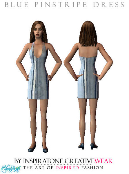 Go ahead and make a statement with this stylish blue pinstripe dress accented with matching elegant blue-grey pumps. Light and upbeat, this outfit is perfect for enjoying those hot summer parties - whether at home, or out on the town. :)
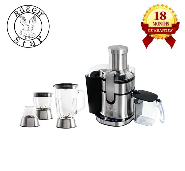 آبمیوه گیر 4 کاره روگن مدل RU-1210 محصول زیبای این شرکت می باشد. موتور قدرتمند 1200 وات دستگاهی عالی برای تمام مصارف خانگی است. بدنه اصلی آب میوه گیری که علاوه بر آبمیوه گیری به عنوان خردکن، همزن و آسیاب استفاده می شود. جنس بدنه آب میوه گیری ترکیبی از پلاستیک و استیل می باشد که علاوه بر ظاهری که دارد باعث تمیزی آسان بدنه می شود. همچنین پارچه مخصوصی که بدنه آن از پلاستیک مرغوب و محکم ساخته شده است، خروجی آن به آبمیوه گیری متصل می شود. فیلتر دستگاه از فولاد مقاوم ساخته شده است که در اثر استفاده طولانی مدت زنگ نمی زند و فرسوده نمی شود. این فیلتر به راحتی جدا می شود و می توان آن را در داخل ماشین ظرفشویی قرار داد. روی بدنه آبمیوه گیری صفحه نمایشی با دکمه های لمسی برای روشن و خاموش شدن و تنظیم سرعت در 5 حالت با عملکرد توربو تعبیه شده است، همچنین کار با صفحه نمایش دیجیتال تمام لمسی بسیار راحت و لذت بخش است. پایه های ضد لغزش نیز به سطوح مختلف می چسبند و از حرکات اضافی دستگاه جلوگیری می کنند. محفظه های خردکن و آسیاب شیشه ای با تیغه های فولادی که کارایی بالایی دارند. پایه میکسر پلاستیکی و دارای ظرفیت 1.5 لیتر می باشد که به راحتی روی پایه اصلی نصب می شود. دستگاه روگن مجهز به مخزن بزرگ تفاله می باشد که با درپوشی که به بدنه بسته شده روی مخزن قرار می گیرد که از پاشش خمیر به محیط جلوگیری می کند.
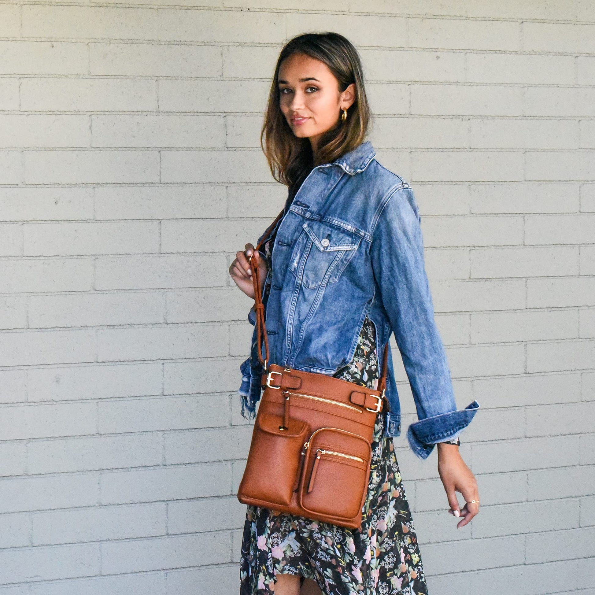- TRENDY & FASHIONABLE: This trendy fashionable bag features 3 front zippered pockets, one snap pocket, and one zippered pocket on the back. Interior contains 1 zipper pocket and 1 slip pocket. The top zipper pocket is smooth and easy to open and close. The interior consists of a soft fabric perfect for carrying cell phone or smartphones. It can fits up to plus size / large cell phones. Styling this small crossbody bag is extremely easy to achieve.
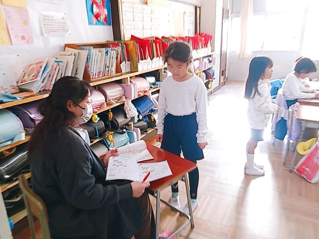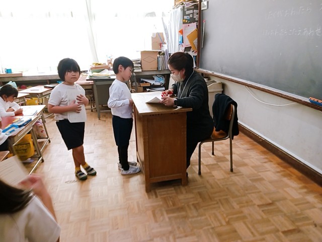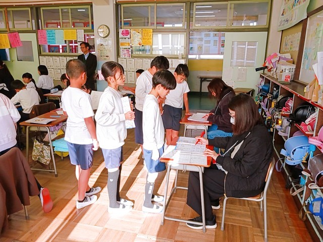 朝の時間は算数タイムで、ボランティアの方が丸付けを行ってくださいました。
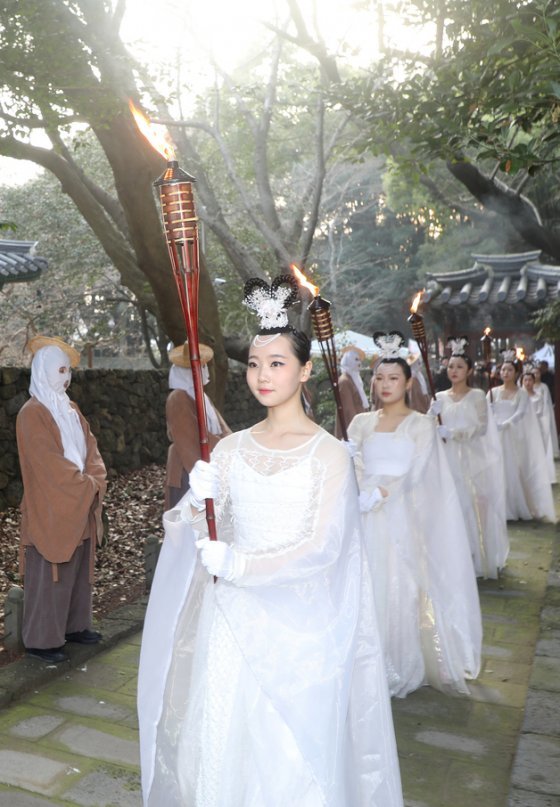 제례를 통해 채화된 불씨는 봉송 퍼레이드를 거쳐 강병삼 제주시장에 의해 제주시청에 안치됐다.
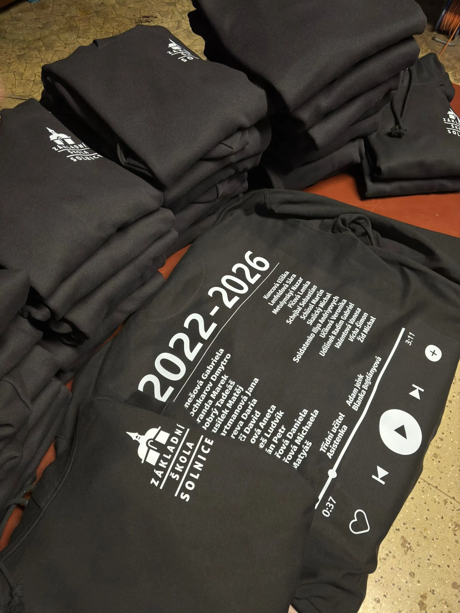 Od třídních triček a maturitních kolekcí až po prémiové univerzitní mikiny. Postaráme se o grafiku, kvalitu i včasné dodání, abyste vy mohli jen slavit.
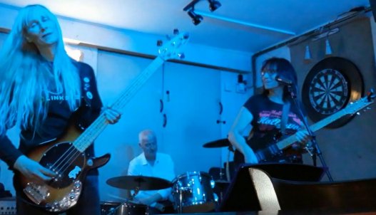 Joining Josie in Patrick Moore is Christie Moore, the bass player who has been playing with the band for over 3 years. Christie previously played in A Touch of Class and Sisters of Duras, and is 6 ft tall with blonde hair. Her musical influences include Sister of Mercy and Rammstein. | ![]() |
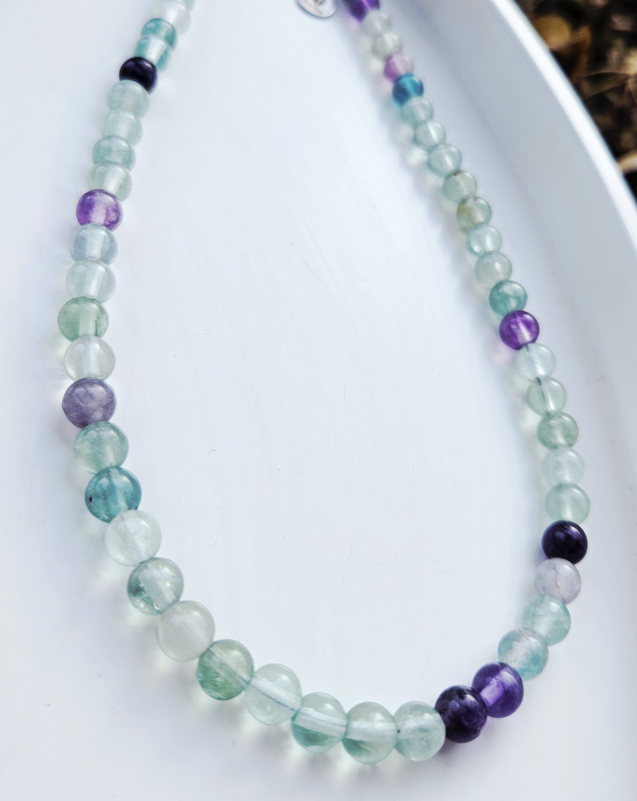 Elegantný náhrdelník z prírodného fluoritu očarí jemnou hrou pastelových odtieňov zelenej, fialovej a čírej. Harmonické striedanie farieb pôsobí nežne, žensky a nadčasovo – ideálny doplnok na každý deň aj k slávnostnejším outfitom.
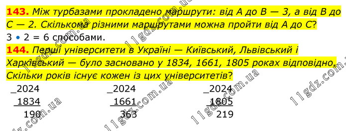 143. Між турбазами прокладено маршрути: від А до В — 3, а від В до С — 2. Скількома різними маршрутами можна пройти від А до С? 3 • 2 = 6 способами. 144. Перші університети в Україні — Київський, Львівський і Харківський — було засновано у 1834, 1661, 1805 роках відповідно. Скільки років існує кожен із цих університетів?
______
▶ _Assigned task_
Print, word for word, the lines above that run from the line containing "제례를 통해 채화된 불씨는" to the line containing "Od třídních triček", both included. Keep the pictures out.

▶ _Reply_
 제례를 통해 채화된 불씨는 봉송 퍼레이드를 거쳐 강병삼 제주시장에 의해 제주시청에 안치됐다.
 Od třídních triček a maturitních kolekcí až po prémiové univerzitní mikiny. Postaráme se o grafiku, kvalitu i včasné dodání, abyste vy mohli jen slavit.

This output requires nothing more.